Without changing a word, copy every line of the listing below and leave out the images.

### Input data
☆ ☆ ☆

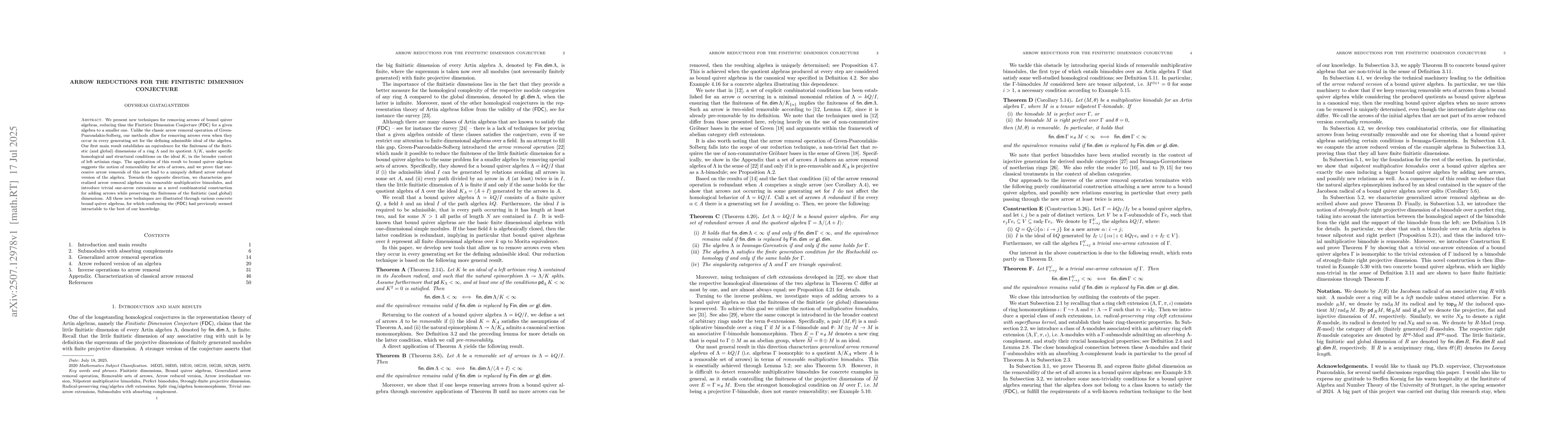 We present new techniques for removing arrows of bound quiver algebras, reducing thus the Finitistic Dimension Conjecture $\mathsf{(FDC)}$ for a given algebra to a smaller one. Unlike the classic arrow removal operation of Green-Psaroudakis-Solberg, our methods allow for removing arrows even when they occur in every generating set for the defining admissible ideal of the algebra. Our first main result establishes an equivalence for the finiteness of the finitistic (and global) dimensions of a ring $\Lambda$ and its quotient $\Lambda/K$, under specific homological and structural conditions on the ideal $K$, in the broader context of left artinian rings. The application of this result to bound quiver algebras suggests the notion of removability for sets of arrows, and we prove that successive arrow removals of this sort lead to a uniquely defined arrow reduced version of the algebra. Towards the opposite direction, we characterize generalized arrow removal algebras via removable multiplicative bimodules, and introduce trivial one-arrow extensions as a novel combinatorial construction for adding arrows while preserving the finiteness of the finitistic (and global) dimensions. All these new techniques are illustrated through various concrete bound quiver algebras, for which confirming the $\mathsf{(FDC)}$ had previously seemed intractable to the best of our knowledge.
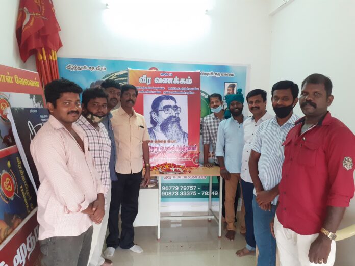 பாவலரேறு பெருஞ்சித்திரனாரின்  நினைவு நாளையொட்டி 12.6.2020 மாலை 5 மணிக்கு பல்லடம் சட்டமன்றத் தொகுதி ராயர்பாளையம் அலுவலகத்தில் புகழ் வணக்கம் செலுத்தப்பட்டது.
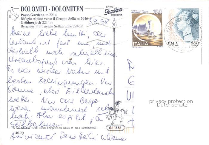 old postcard Passo Gardena Groednerjoch Berghaus Frara mit Sellagruppe postalisch gelaufen Erhaltung siehe scans [LiesaD40]

☆ ☆ ☆

### Expected answer
 We present new techniques for removing arrows of bound quiver algebras, reducing thus the Finitistic Dimension Conjecture $\mathsf{(FDC)}$ for a given algebra to a smaller one. Unlike the classic arrow removal operation of Green-Psaroudakis-Solberg, our methods allow for removing arrows even when they occur in every generating set for the defining admissible ideal of the algebra. Our first main result establishes an equivalence for the finiteness of the finitistic (and global) dimensions of a ring $\Lambda$ and its quotient $\Lambda/K$, under specific homological and structural conditions on the ideal $K$, in the broader context of left artinian rings. The application of this result to bound quiver algebras suggests the notion of removability for sets of arrows, and we prove that successive arrow removals of this sort lead to a uniquely defined arrow reduced version of the algebra. Towards the opposite direction, we characterize generalized arrow removal algebras via removable multiplicative bimodules, and introduce trivial one-arrow extensions as a novel combinatorial construction for adding arrows while preserving the finiteness of the finitistic (and global) dimensions. All these new techniques are illustrated through various concrete bound quiver algebras, for which confirming the $\mathsf{(FDC)}$ had previously seemed intractable to the best of our knowledge.
 பாவலரேறு பெருஞ்சித்திரனாரின்  நினைவு நாளையொட்டி 12.6.2020 மாலை 5 மணிக்கு பல்லடம் சட்டமன்றத் தொகுதி ராயர்பாளையம் அலுவலகத்தில் புகழ் வணக்கம் செலுத்தப்பட்டது.
 old postcard Passo Gardena Groednerjoch Berghaus Frara mit Sellagruppe postalisch gelaufen Erhaltung siehe scans [LiesaD40]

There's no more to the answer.